Look through the records below for the line holding "ONLY Jacket Women". Write it out exactly, with each following line through the line holding "Esta camiseta, que".

_SUPPLIED RECORDS_
•••••

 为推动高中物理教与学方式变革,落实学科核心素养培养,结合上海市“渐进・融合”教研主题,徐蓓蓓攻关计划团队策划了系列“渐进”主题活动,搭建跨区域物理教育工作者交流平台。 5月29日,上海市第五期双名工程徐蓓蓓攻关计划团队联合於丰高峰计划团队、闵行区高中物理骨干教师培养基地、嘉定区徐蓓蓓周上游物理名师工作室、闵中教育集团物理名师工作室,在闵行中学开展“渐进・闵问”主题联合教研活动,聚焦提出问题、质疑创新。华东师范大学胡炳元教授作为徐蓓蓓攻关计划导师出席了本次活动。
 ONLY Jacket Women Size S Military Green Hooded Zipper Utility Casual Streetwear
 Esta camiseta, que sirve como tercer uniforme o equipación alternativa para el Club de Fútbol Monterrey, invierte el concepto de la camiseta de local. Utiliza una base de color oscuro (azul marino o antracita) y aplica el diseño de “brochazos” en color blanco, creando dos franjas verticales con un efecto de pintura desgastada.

•••••

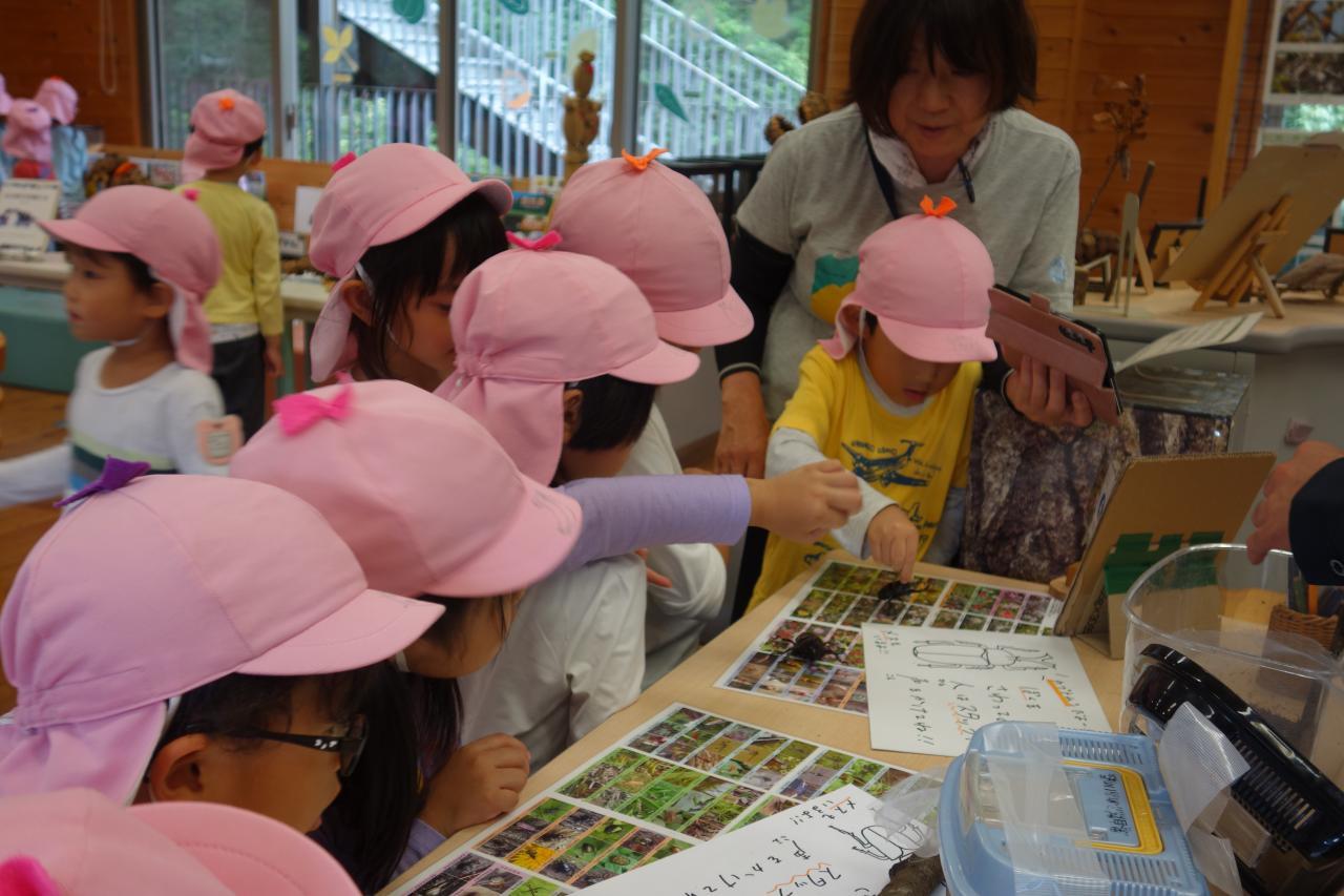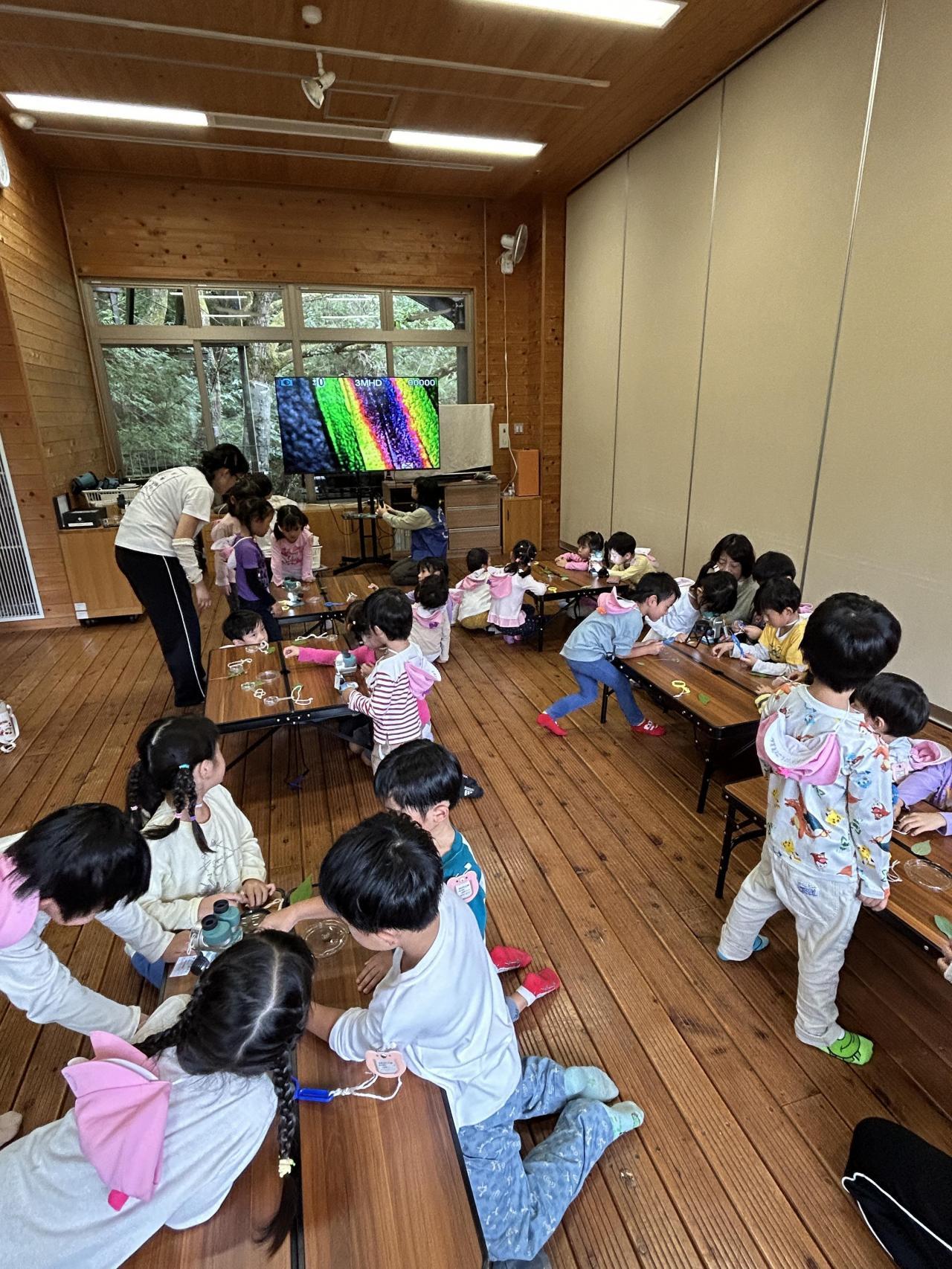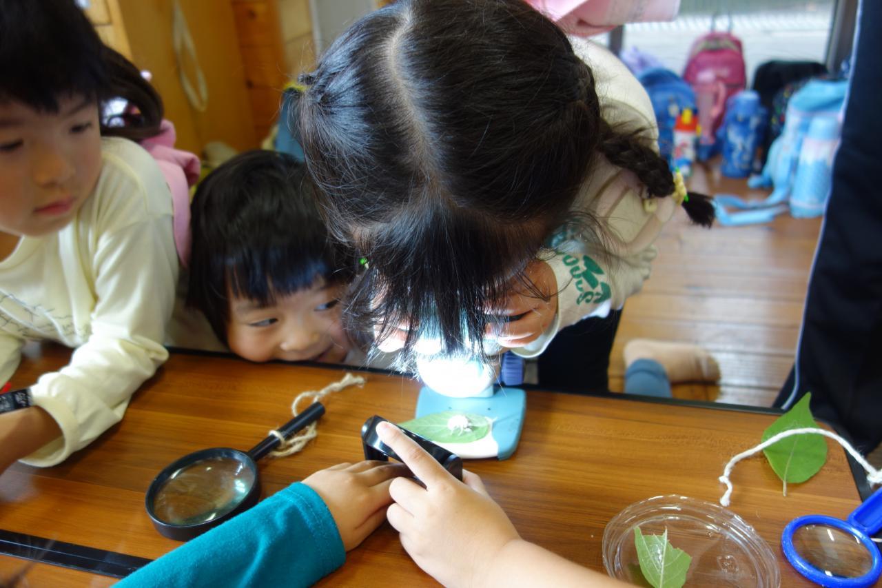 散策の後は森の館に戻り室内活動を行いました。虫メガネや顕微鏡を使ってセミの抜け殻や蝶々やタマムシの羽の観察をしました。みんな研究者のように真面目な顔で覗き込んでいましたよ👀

•••••

_SOLUTION_
 ONLY Jacket Women Size S Military Green Hooded Zipper Utility Casual Streetwear
 Esta camiseta, que sirve como tercer uniforme o equipación alternativa para el Club de Fútbol Monterrey, invierte el concepto de la camiseta de local. Utiliza una base de color oscuro (azul marino o antracita) y aplica el diseño de “brochazos” en color blanco, creando dos franjas verticales con un efecto de pintura desgastada.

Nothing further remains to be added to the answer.